Seek and ye shall find.

There are plenty of artists around you who will offer you tips and support and help but you got to go out and find them. They are not out searching for somebody to help. They are usually trying to get their own thang together.

I decided to go out on my artistic journey. I finally decided to give writing a serious shot. I had no idea of how to do it.

One day I was reading the local black newspaper and two local writers announced they were starting a workshop for writers. They were Eugene Redmond and Shirley Leflore. I got hold of them and started.

I was in a workshop with several fine writers just starting out, one of whom grew up to be Jabari Asim, who is editing the NAACP's Crisis.

I have been in a number of workshops since.
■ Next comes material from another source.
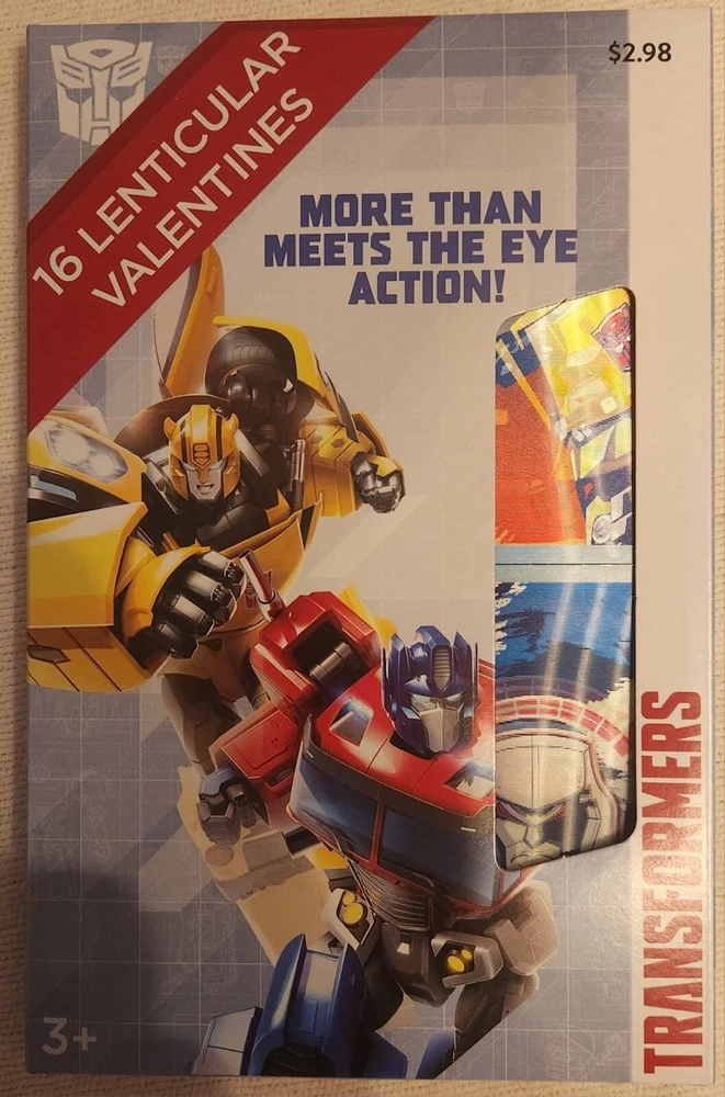 Celebrate Valentine's Day with the ultimate gift for Transformers fans! This set of 16 lenticular cards features the iconic Optimus Prime and Buzz from the beloved franchise. Made with high-quality cardboard material and vibrant multicolor designs, these cards are perfect for children ages 5-12 to gift to their friends on Valentine's Day. Each square-shaped card showcases a different image of Optimus Prime and Buzz, making it a unique and collectible item for fans of all ages. This original set, manufactured by Hasbro in 2023 and produced using kid-friendly techniques, is a must-have for any Transformers or robot enthusiast. Embrace the power of the Autobots and Decepticons this Valentine's Day with these amazing lenticular cards! Bin#W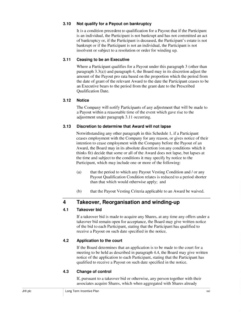 3.10 Not qualify for a Payout on bankruptcy It is a condition precedent to qualification for a Payout that if the Participant is an individual, the Participant is not bankrupt and has not committed an act of bankruptcy or, if the Participant is deceased, the Participant’s estate is not bankrupt or if the Participant is not an individual, the Participant is not insolvent or subject to a resolution or order for winding up. 3.11 Ceasing to be an Executive Where a Participant qualifies for a Payout under this paragraph 3 (other than paragraph 3.3(a)) and paragraph 4, the Board may in its discretion adjust the amount of the Payout pro rata based on the proportion which the period from the date of grant of the relevant Award to the date the Participant ceases to be an Executive bears to the period from the grant date to the Prescribed Qualification Date. 3.12 Notice The Company will notify Participants of any adjustment that will be made to a Payout within a reasonable time of the event which gave rise to the adjustment under paragraph 3.11 occurring. 3.13 Discretion to determine that Award will not lapse Notwithstanding any other paragraph in this Schedule 1, if a Participant ceases employment with the Company for any reason, or gives notice of their intention to cease employment with the Company before the Payout of an Award, the Board may in its absolute discretion (on any conditions which it thinks fit) decide that some or all of the Award does not lapse, but lapses at the time and subject to the conditions it may specify by notice to the Participant, which may include one or more of the following: (a) that the period to which any Payout Vesting Condition and / or any Payout Qualification Condition relates is reduced to a period shorter than that which would otherwise apply; and (b) that the Payout Vesting Criteria applicable to an Award be waived. 4 Takeover, Reorganisation and winding-up 4.1 Takeover bid If a takeover bid is made to acquire any Shares, at any time any offers under a takeover bid remain open for acceptance, the Board may give written notice of the bid to each Participant, stating that the Participant has qualified to receive a Payout on such date specified in the notice. 4.2 Application to the court If the Board determines that an application is to be made to the court for a meeting to be held as described in paragraph 4.4, the Board may give written notice of the application to each Participant, stating that the Participant has qualified to receive a Payout on such date specified in the notice. 4.3 Change of control If, pursuant to a takeover bid or otherwise, any person together with their associates acquire Shares, which when aggregated with Shares already JHI plc Long Term Incentive Plan xxi

Contact with a writer on this site, Kola Boof, led to the publication of my novel "A Vampyre Blues".

I could go on and on all day about the support and help people gave to me and give to me even at this moment.

Understand. Nobody owes you a thing. And everybody ain't giving, one way or another.

You might be the best writer or artist in the world and humanity might be blessed and uplifted for all time if only somebody would reach down and make you a star.

Tough shit. Join the Club.

You got to do it yourself--you got to ASK for help. And ask again. And prepare to be turned down again and again.

The first thing a professional wrestler learns is how to fall safefly. Because he is going to be falling a lot.

And the first thing an artist or writer has to learn is how to deal with rejection.

Nobody is going to hold your hand. That shit that happened to J.K. Rowling happens to a handful.

One thing you should think of, at a certain point, is whether or not it is FOR you. If you are not willing to take the possibility that you might join the ranks of the never heard from, then don't get out there...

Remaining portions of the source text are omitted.